Computational Statistics & Data Analysis (MVComp2)

Lecture 14: Information theory

Tristan Bereau

Institute for Theoretical Physics, Heidelberg University

Commercial break

Course evaluation

Please complete by Jan 31, 2024.

https://uni-heidelberg.evasys.de/evasys/online.php?p=DTHA4

Soft Matter Physics

What: MVSem

When: Block seminar, Summer term 2024

Lecturers: Tristan Bereau, Falko Ziebert

Why is it so hard to get ketchup out of its bottle? How do soap bubbles form? Soft matter is the physics of everyday life!

Soft matter systems display unique physics, including fractality, phase transitions, and self-organization. We will discuss the main theoretical concepts needed to describe soft condensed matter systems like polymers, liquid crystals, membranes, complex fluids and colloids.

Machine learning for the biomolecular world

What: MVSem

When: Summer term 2024

Lecturers: Rebecca Wade, Tristan Bereau

Recent developments in machine learning methods has fueled progress in biomolecular simulations.

In this seminar we will explore the recent literature on these efforts ranging from protein structure and dynamics, to drug design, to small molecules. The encoding of physical inductive bias (e.g., symmetries) in the representation or architecture will be one of the core topics.

Introduction

Literature

Murphy (2022): Chapter 6 on Information theory

Recap from last time

Dimensionality reduction: Original visible space may be too large, widh to reduce it. Find mapping to a low-dimensional latent space.
Principal component analysis: Find linear and orthogonal projection. Eigenvectors oriented along the directions of largest variance of the data. Choose the number of dimensions by looking at the fraction of variance explained.
Factor analysis: Generative model. Equivalent to probabilistic PCA
Autoencoders: Find nonlinear mapping that encode/decode the data between original and latent spaces. Variational autoencoder is generative.

Entropy

Intuition

Entropy

Measure of uncertainty, or lack of predictability, associated with a random variable drawn from a given distribution.

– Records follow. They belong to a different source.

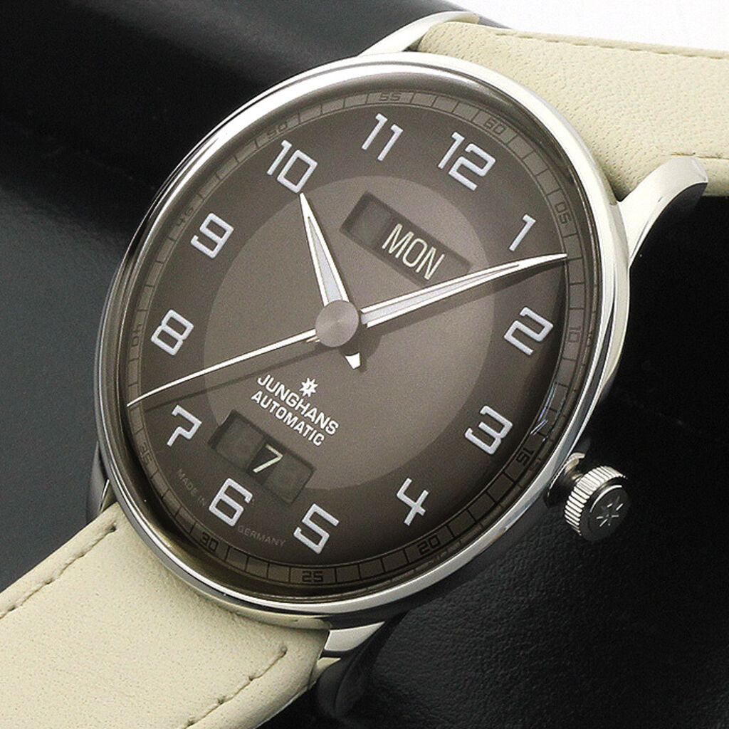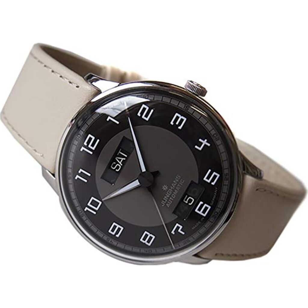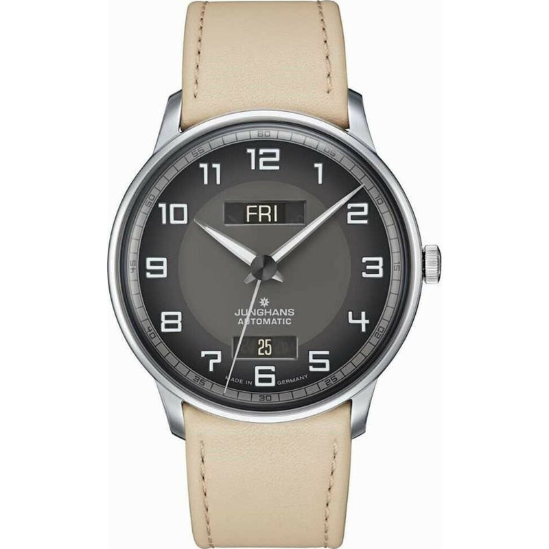 The Junghans Meister Driver Day Date 027/4721.01 is an absolutely stunning, gorgeous watch. The end result is breathtaking beauty. Under the hood you will find the mechanical (automatic) movement Junghans Cal. J800.4, which is of course Swiss Made. This movement has fascinating day and date complications where you can see the day below the 12 o'clock marker and the date above the 6 o'clock marker. The glass is convex hard Plexiglass with a SICRALAN coating which strengthens the glass and improves its scratch resistance. Beneath the glass, a stunning anthracite grey lacquer effect dial is set with stainless steel hands and appliques that have been painted in a luminous substance. To complete the look, a sand calfskin leather strap and stainless steel buckle is added. This model features a day display, date display and automatic movement.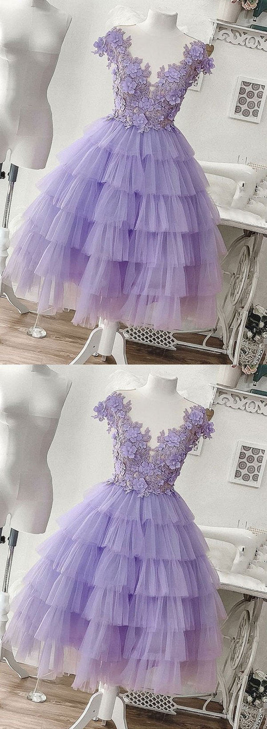 Purple tulle appliqué short homecoming dress, homecoming dress cg1123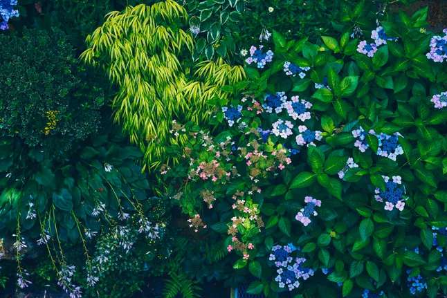 紫陽花の見頃は、6月中旬から7月下旬頃まで。白やブルー、ピンク、紫など色とりどりのアジサイが、涼しげな風景を作り出している。様々な種類のアジサイと、ハーブや草花との競演も楽しんで。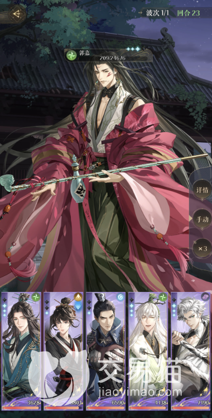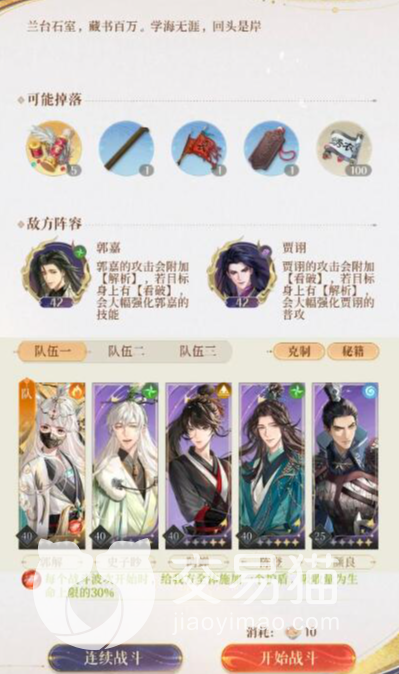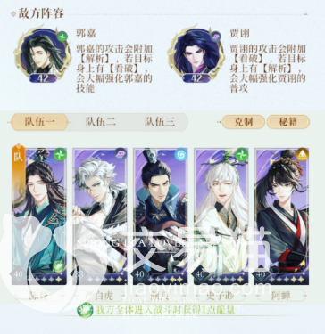在战斗的过程中,除了嘲讽技能之外,敌人的攻击是完全随机的,如果非常不幸阿蝉和史子眇最先死亡的话,小伙伴们可以重新打,必须保证在击败了贾诩boss之后,阿蝉、史子眇和任意一个盾能够存活,陈登只要不是开场死,通过的几率就能够大幅上升。
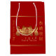 Customisable medium gift bag with golden papercut of two dogs and stylised earth between them on red background: 2018 is Earth year of the Dog. Available in large size too. Matching greeting card, invitation and more... . Perfect for Chinese New Year of The Dog 2018 or Birthday (people born in dog year). -------- "The Dog (狗) is one of the 12-year cycle of animals which appear in the Chinese zodiac related to the Chinese calendar. The Year of the Dog is associated with the Earthly Branch symbol 戌. The character 狗 refers to the actual animal while 戌 refers to the zodiac animal. (...) People born within these date ranges can be said to have been born in the "Year of the Dog", while also bearing the following elemental sign: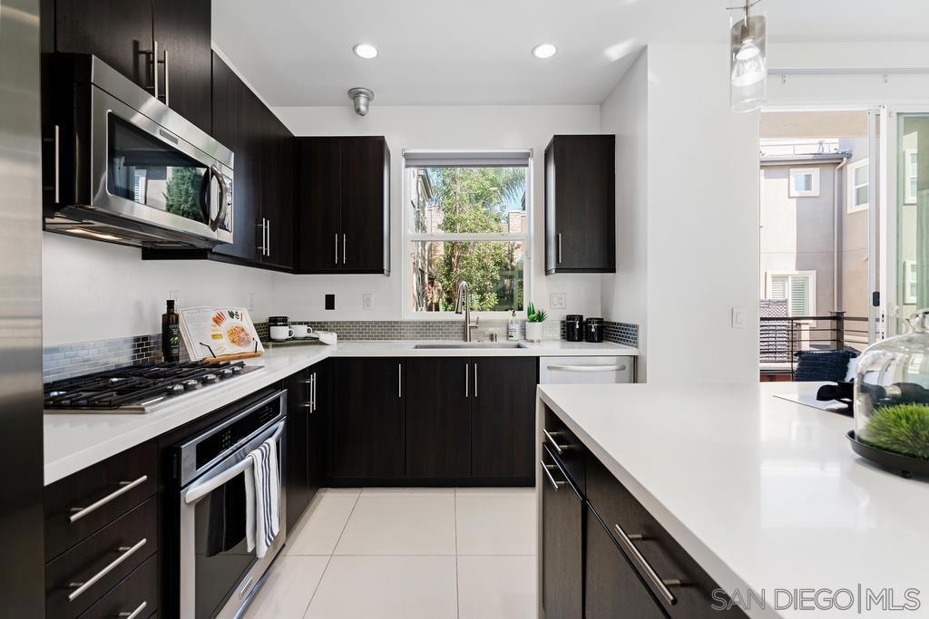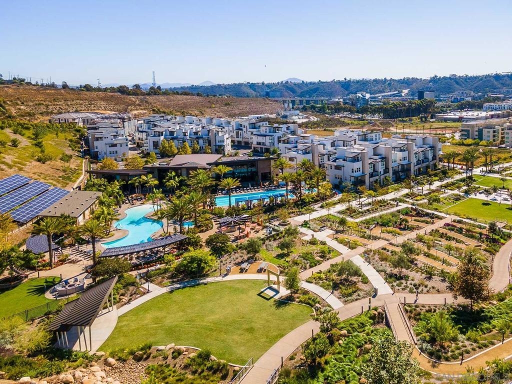 Welcome to sophisticated urban living with a modern flare in this ORIGEN/Skyloft townhome (Plan 3), located in the master planned community of Civita in Mission Valley. This 3-story, 2-bed/2.5 bath end unit has a spacious, open floor plan with high ceilings and an abundance of natural light from expansive south-facing windows. Tastefully upgraded, features include European-style cabinetry, quartz countertops, large kitchen island, modern fixtures, SS appliances, pendant, and recessed lighting. Enjoy two balconies located on the second floor; one that includes a gas stub for a BBQ. The master suite is located on the top floor including a separate sitting area with wall-to-wall cabinetry...see supplement below... Make this your private sanctuary or home office. The bathroom suite features dual vessel sinks, a large shower including an overhead rain shower head, and a walk-in closet. Want privacy? The second bedroom, located on the first level offers its own shaded patio and bathroom along with a closet that wraps around under the staircase for extra storage. This townhome has an attached two-car garage with a frosted contemporary garage door. Enjoy the private spa-like retreat located within the Origen complex. Complete with a saltwater pool, spa, and lounge-style relaxation deck. In addition to this, the Civita community offers a full recreation center with an Olympic-size lap pool, a recreational pool & spa, state of the art gym along with a gorgeous club house and is located in the heart of Mission Valley. Origen was the first residential neighborhood at Civita, with a modern/urban feel. There is lush landscaping with a pool/spa for the residents. The full recreation center is located down the street and features a clubhouse, gym, an Olympic-size lap pool, recreation pool, spas, cabanas, BBQs, a beautiful park, amphitheater, dog park, community garden and walking paths. A new elementary school is being built down the street and is expected to be open by Fall 2022. Complex Features: ,,,,,, Equipment: Dryer,Fire Sprinklers,Garage Door Opener, Range/Oven, Washer Other Fees Type: , Sewer: Sewer Connected Topography: LL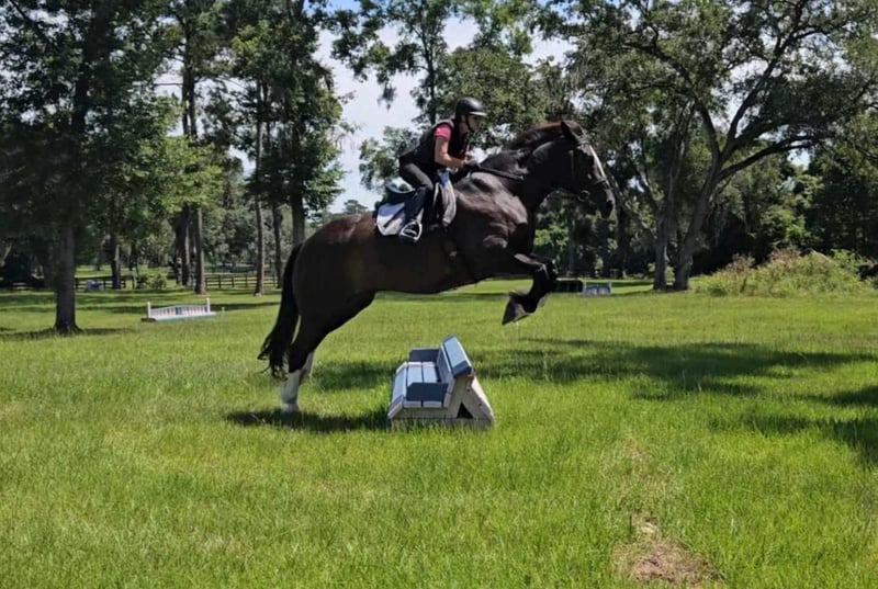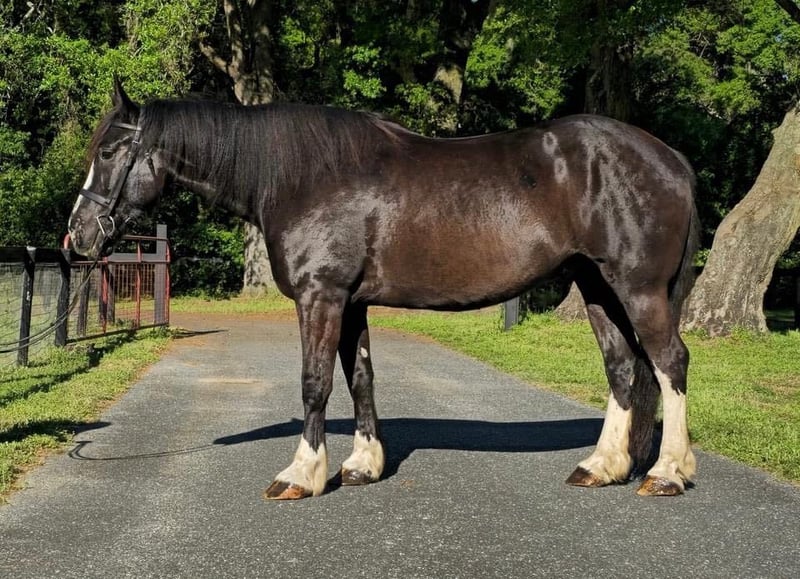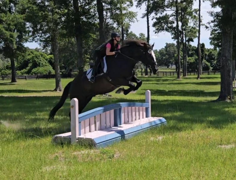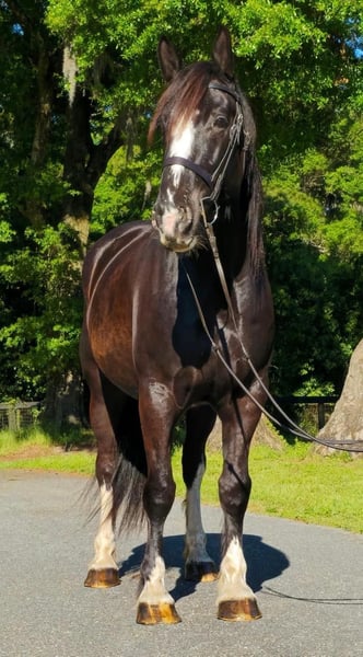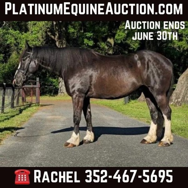 ONLINE AUCTION PLACE YOUR BIDS AT PLATINUMEQUINEAUCTION DOT COM $3500 STARTING BID AUCTION ENDS JUNE 30TH Introducing Moonshine! A stunning 9yr 16.3h Shire x QH cross gelding with a one-in-a-million brain! Calm, sweet, and comfortable push ride. Moonshine has years of experience fox hunting and doing guided beach trail rides with beginner riders. He is accustomed to riding around traffic, bicycles, dogs, and water. Moonshine loves schooling cross country and going to hunter paces to jump all the things…ditches, banks, coops, logs, rock walls, etc. He has a smooth, flat jump that is easy for riders starting over fences. Moonshine is easy to load, haul, tie, bathe, trim, etc. He has a scar on his neck from being bit by a stallion as a baby. It has been evaluated by the vet and does not bother him. Moonshine is a barefoot easy keeper with no vices or maintenance. He turns out in a mixed herd and keeps a clean stall. He is up-to-date on shots, Coggins, floating, deworming, sheath cleaning, and hoof trimming. If you’re looking for a large all-around draft cross to trail ride, jump, or fox hunt, don’t miss out on this awesome horse! Moonshine is located in Ocala, Florida and shipping can be arranged anywhere in the country. Please call Rachel with Show Me Sport Horses at 352-467-5695 with any questions. Located in Ocala, FL.

Information content: Observe a sequence \(X_n \sim p\) generated from distribution \(p\). If \(p\) has high entropy, it will be hard to predict the value of each observation \(X_n\). Hence the dataset has high information content. On the other hand, a distribution with 0 entropy will always yield the same \(X_n\), so the dataset does not contain much information. Link to data compression.

Entropy for discrete random variables¹

Consider a discrete random variable \(X\) with distribution \(p\) over \(K\) states. The entropy is defined by² ³ \[ \mathbb{H}(X) = -\sum_{k=1}^K p(X=k) \log_2 p(X=k) = - E_X[\log_2 p(X)] \]

Maximum entropy: The discrete distribution with maximum entropy is the uniform distribution (see information content in previous slide). Maximum uncertainty.
Minimum entropy: The distribution with minimum entropy (which is zero) is any delta function, putting all its mass on one state. This distribution has no uncertainty.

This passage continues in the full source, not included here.